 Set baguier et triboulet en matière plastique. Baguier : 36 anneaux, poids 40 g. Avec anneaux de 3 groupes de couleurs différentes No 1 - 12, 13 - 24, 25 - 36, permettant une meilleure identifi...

+++

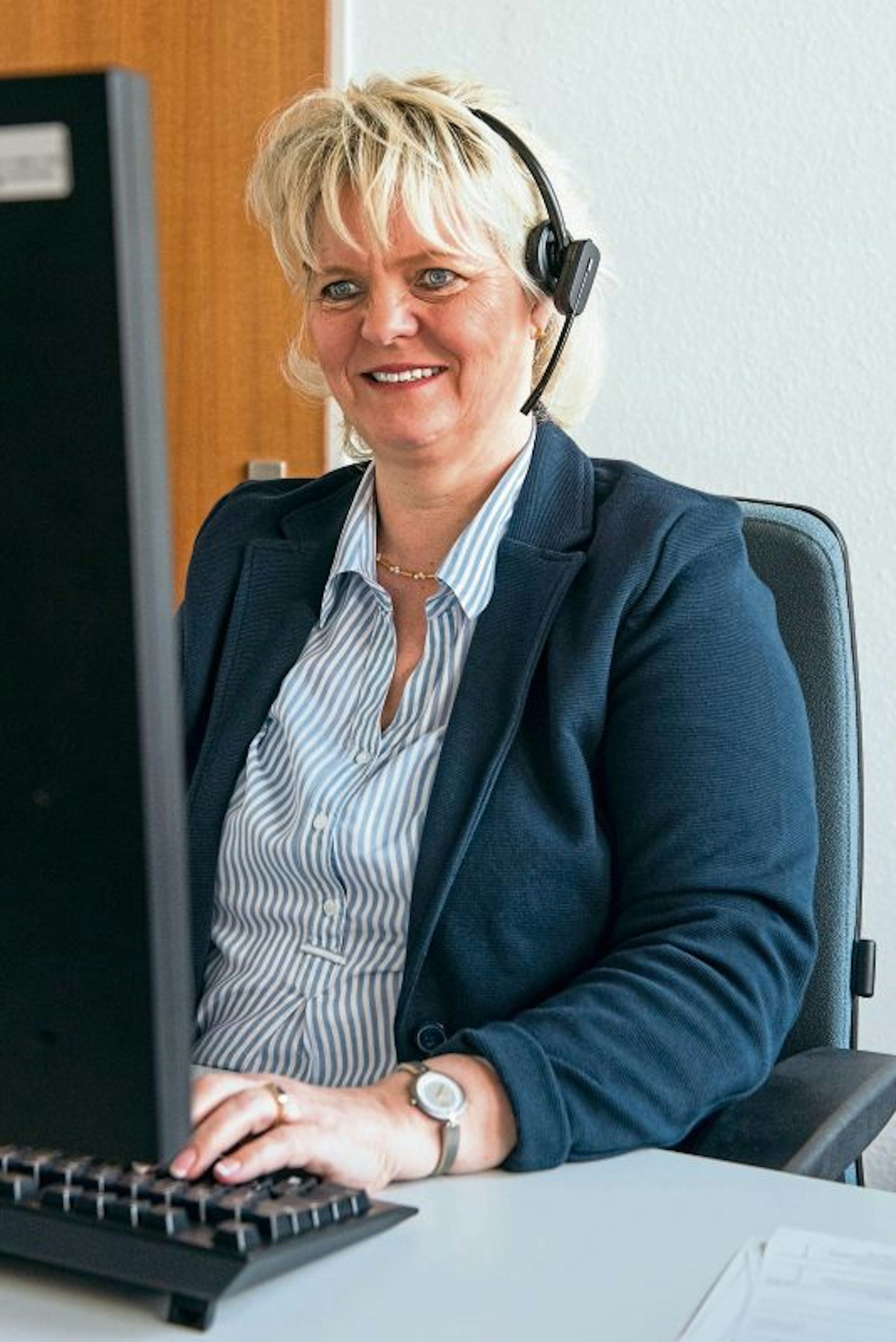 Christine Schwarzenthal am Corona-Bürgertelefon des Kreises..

+++

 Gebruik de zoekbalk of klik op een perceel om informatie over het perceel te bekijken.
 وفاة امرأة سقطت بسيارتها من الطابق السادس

+++

### [Required action]
Among the entries above, copy exactly only the lines starting with the one containing "Gebruik de zoekbalk" and going through the one containing "وفاة امرأة سقطت بسيارتها من الطابق السادس", both ends included.

### [Completed exercise]
 Gebruik de zoekbalk of klik op een perceel om informatie over het perceel te bekijken.
 وفاة امرأة سقطت بسيارتها من الطابق السادس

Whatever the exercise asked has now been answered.